[sldev] Why does the simulator do object culling for clients?
Dale Glass
dale at daleglass.net
Wed Jul 18 04:37:20 PDT 2007
On Wed, Jul 18, 2007 at 03:54:42AM -0700, John Hurliman wrote:
> As you move around in a simulator, the sim is constantly sending
> ObjectUpdate* packets for objects that become within range or have
> moved, and it sends ObjectKill packets for things that go outside of
> your vision. Then when you move back to that area it sends the
> ObjectUpdate* packets for those objects again. Is there a reason this
> culling is done across the network by sending ObjectKill packets for
> things that are not actually leaving the simulator?
My guess:
Suppose the sim didn't do that. In that case, the viewer would never
know when the sim decided the object is too far away. So you'd need to
have the viewer perform its own culling, or you'd have extra objects
hanging around.
If the culling on the viewer and sim didn't match, you'd end up with
updates being sent for objects the viewer won't show, or the viewer
showing objects for which the sim isn't sending updates.

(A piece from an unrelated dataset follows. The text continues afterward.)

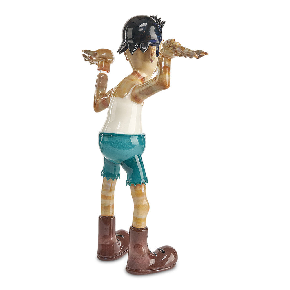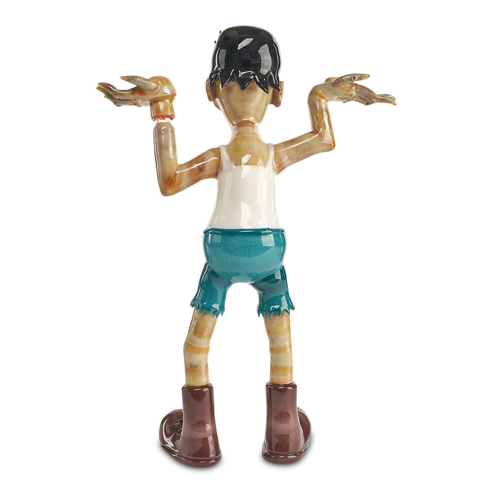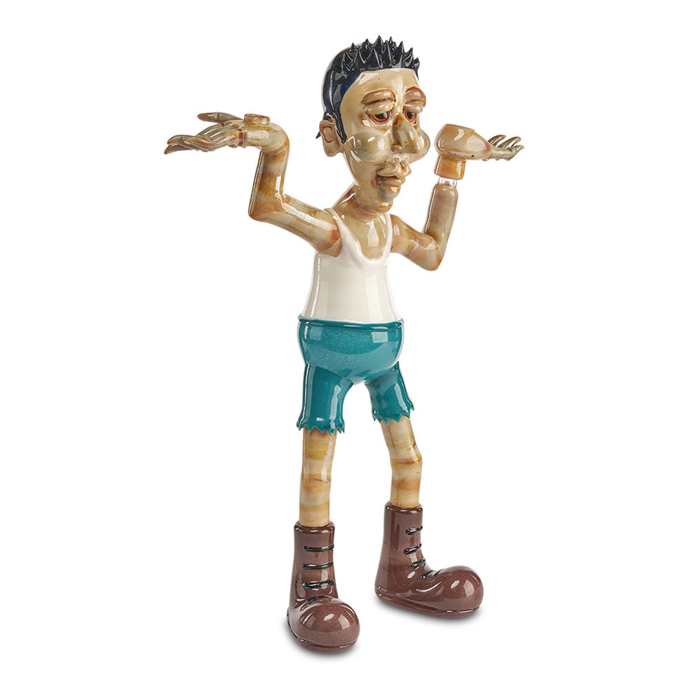 The Dude is a 2016 Niko Cray piece, depicting a man shrugging nonchalantly. From his bootlaces to his tank top to the texture of his skin, Niko went above and beyond on this piece. The joint is integrated into his arm, where the hand-shaped dome conceals said joint. The mouthpiece is located in the opposite hand.

And since the sim determines which objects are near enough to notify you
about their existence, it's only logical that it'd do the kill
notification as well. Less error prone, and avoids duplicating code.
Sim needs to know which objects are far enough anyway, as it has to
decide when to stop sending updates.
Note: This is only a rather uninformed guess, as I can't look at the
source ATM.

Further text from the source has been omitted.